Event planning has always been a balancing act of timelines, vendors, budgets, seating charts, and last-minute changes. In 2026, the best AI tools for event planners are quietly removing the busywork — drafting vendor emails, building timelines, generating mood boards, even coordinating RSVPs across channels. Like the AI tools therapists and mental health professionals are adopting, planner-focused AI is now mature enough to trust with real client work. Wedding coordinators in particular are using AI to handle the avalanche of tiny decisions that used to eat their evenings.

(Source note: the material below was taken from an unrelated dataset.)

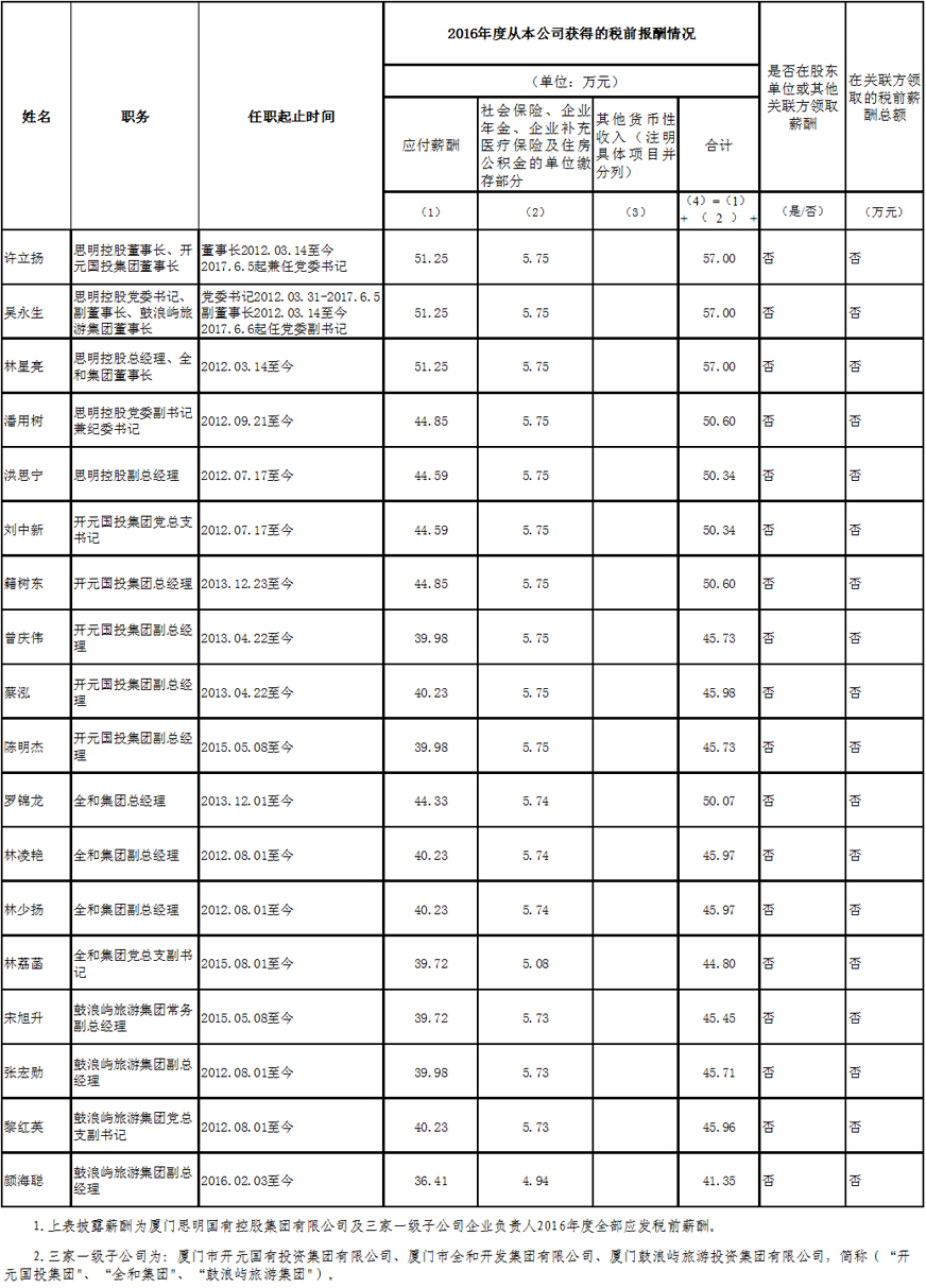 廈門(mén)思明國有控股集團有限公司及三家一級子公司企業(yè)負責人年度薪酬信息披露表

This guide reviews seven AI tools that genuinely move the needle for event planners and wedding coordinators in 2026. Each entry includes an honest take on what it does well, where it falls short, and which kind of planner it suits best. None of these are silver bullets — but used together, they can reclaim hours every week and let planners focus on the parts of the job that actually require human taste.
What to Look For in AI Tools for Event Planners
Before jumping into specific apps, it helps to know what separates a useful AI tool from a flashy one. Strong AI tools for event planners typically share four traits: they integrate with the calendar, email, and document tools you already use; they handle structured data (guest lists, budgets, timelines) without losing fidelity; they let you customize tone for client-facing communication; and they offer some level of vendor or template library so you are not starting from a blank page on every event.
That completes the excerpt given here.